Thirdly, I generated all combinations of means, SD, and sample sizes, with means ranging from 1 to 7, SD from 0 to 4, and sample size from 5 to 50. This generates about 11000000 possible combinations. In this case, the R-code below spotted that 88% of combinations were impossible (76% via the GRIM test, 12% via the A-GRIMMER test. This means that, in this sample, about half of the means and SD combinations that were considered possible by the GRIM test were considered impossible by the A-GRIMMER test. This is a notable increase in efficiency).

Finally, a short example: imagine that you find in a published article that participants gave answers to the following likert-type scale: “I feel guilty about how much I ate”. 18 participants gave an answer, and you see that the reported mean is 3.44, and the reported standard deviation is 2.47⁵. Are the reported mean and standard deviation compatible with the sample size? To test this, you would simply have to use the function below, and to enter: aGrimmer(n = 18, mean = 3.44, SD = 2.47). aGrimmer would then give you the following message: “GRIMMER inconsistent”. And this is sweet.
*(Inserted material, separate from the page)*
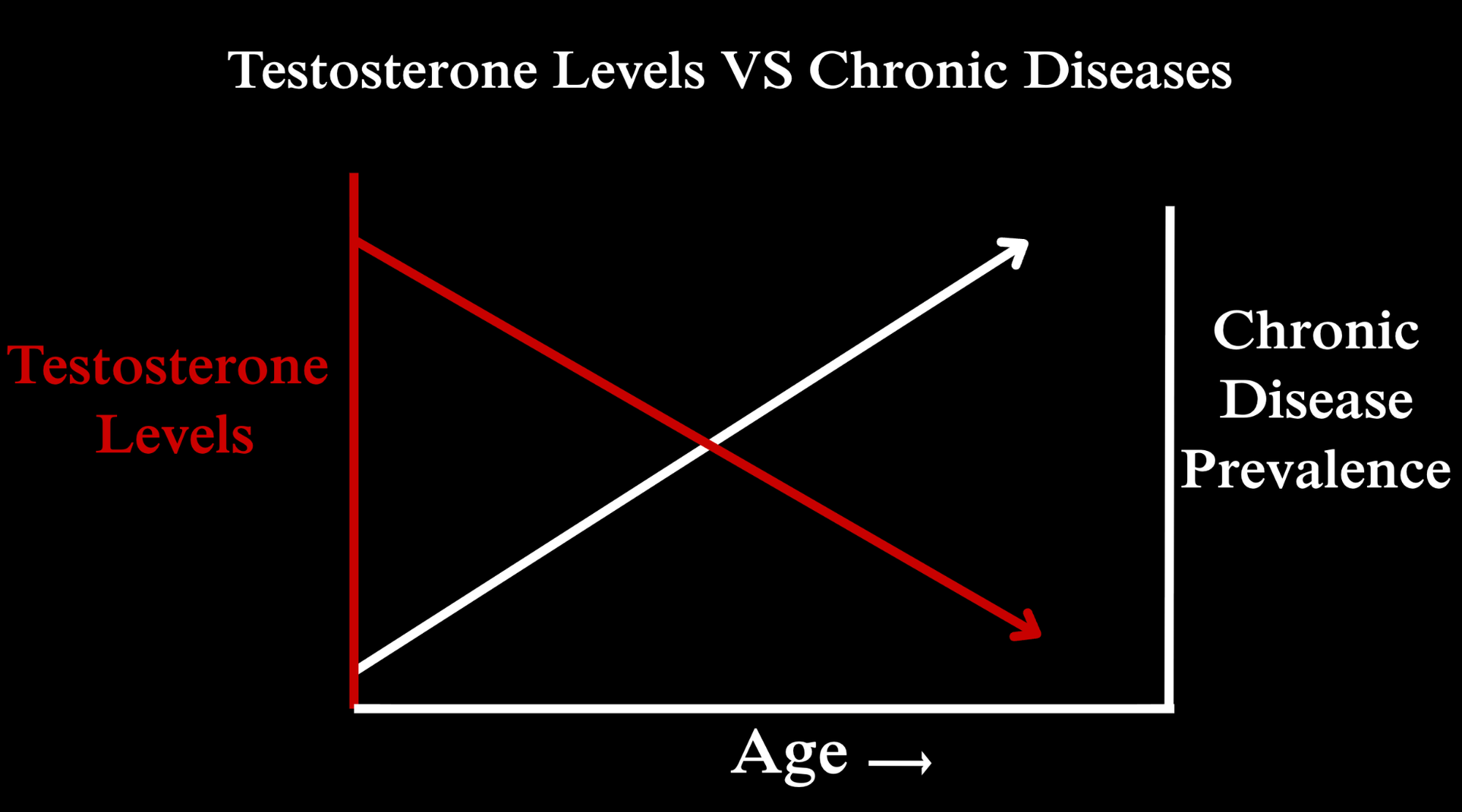 And since chronic diseases tend to crop as people get older, there is also an inverse correlation between testosterone levels and chronic disease with age.

Here is the R code for A-GRIMMER:

aGrimmer <- function(n, mean, SD, decimals_mean = 2, decimals_SD = 2){
  
  if(n>10^decimals_mean){
    print("The sample size is too big compared to the precision of the reported mean, it is not possible to apply GRIM.")
  }
  
  #Applies the GRIM test, and computes the possible mean.
  
  sum <- mean*n
  realsum <- round(sum)
  realmean <- realsum/n
  
  
  
  # Creates functions to round a number consistently up or down, when the last digit is 5
  
  round_down <- function(number, decimals=2){
    is_five <- number*10^(decimals+1)-floor(number*10^(decimals))*10
    number_rounded <- ifelse(is_five==5, floor(number*10^decimals)/10^decimals, round(number, digits = decimals))
    return(number_rounded)
  }
  
  round_up <- function(number, decimals=2){
    is_five <- number*10^(decimals+1)-floor(number*10^(decimals))*10
    number_rounded <- ifelse(is_five==5, ceiling(number*10^decimals)/10^decimals, round(number, digits = decimals))
    return(number_rounded)
  }
  
  # Applies the GRIM test, to see whether the reconstituted mean is the same as the reported mean (with both down and up rounding)
  
  consistency_down <- round_down(number = realmean, decimals = decimals_mean)==mean
  consistency_up <- round_up(number = realmean, decimals = decimals_mean)==mean
  
  if(consistency_down+consistency_up==0){
    return("GRIM inconsistent")
  }
  
  
  #Computes the lower and upper bounds for the sd.
  
  Lsigma <- ifelse(SD<5/(10^decimals_SD), 0, SD-5/(10^decimals_SD))
  Usigma <- SD+5/(10^decimals_SD)
  
  #Computes the lower and upper bounds for the sum of squares of items.
  
  Lowerbound <- (n-1)*Lsigma^2+n*realmean^2
  Upperbound <- (n-1)*Usigma^2+n*realmean^2
  
  #Checks that there is at least an integer between the lower and upperbound
  
  FirstTest<- ifelse(ceiling(Lowerbound)>floor(Upperbound), FALSE, TRUE)
  
  if(FirstTest==FALSE){
    return("GRIMMER inconsistent")
  }
  
  #Takes a vector of all the integers between the lowerbound and upperbound
  
  Possible_Integers <- ceiling(Lowerbound):floor(Upperbound)
  
  #Creates the predicted variance and sd
  
  Predicted_Variance <- (Possible_Integers-n*realmean^2)/(n-1)
  Predicted_SD <- sqrt(Predicted_Variance)
  
  #Computes whether one Predicted_SD matches the SD (trying to round both down and up)
  
  Rounded_SD_down <- round_down(Predicted_SD, decimals_SD)
  Rounded_SD_up <- round_up(Predicted_SD, decimals_SD)
  
  Matches_SD <- Rounded_SD_down==SD | Rounded_SD_up==SD
  
  if(sum(Matches_SD)==0){
    return("GRIMMER inconsistent")
  }
  
  #Computes first whether there is any integer between lower and upper bound, and then whether there is 
  #an integer of the correct oddness between the lower and upper bounds.
  oddness <- realsum%%2
  Matches_Oddness <- Possible_Integers%%2==oddness
  Third_Test <- Matches_SD&Matches_Oddness
  return(ifelse(
    sum(Third_Test)==0, "GRIMMER inconsistent", "The mean and SD are consistent.")
  )
}

And here is the R code for the simulations mentioned above:

#Simulation that generates 100000 simulations of distributions from likert scales, generates the means and sds (rounded up or down), and tests whether all simulations are considered valid by A-GRIMMER.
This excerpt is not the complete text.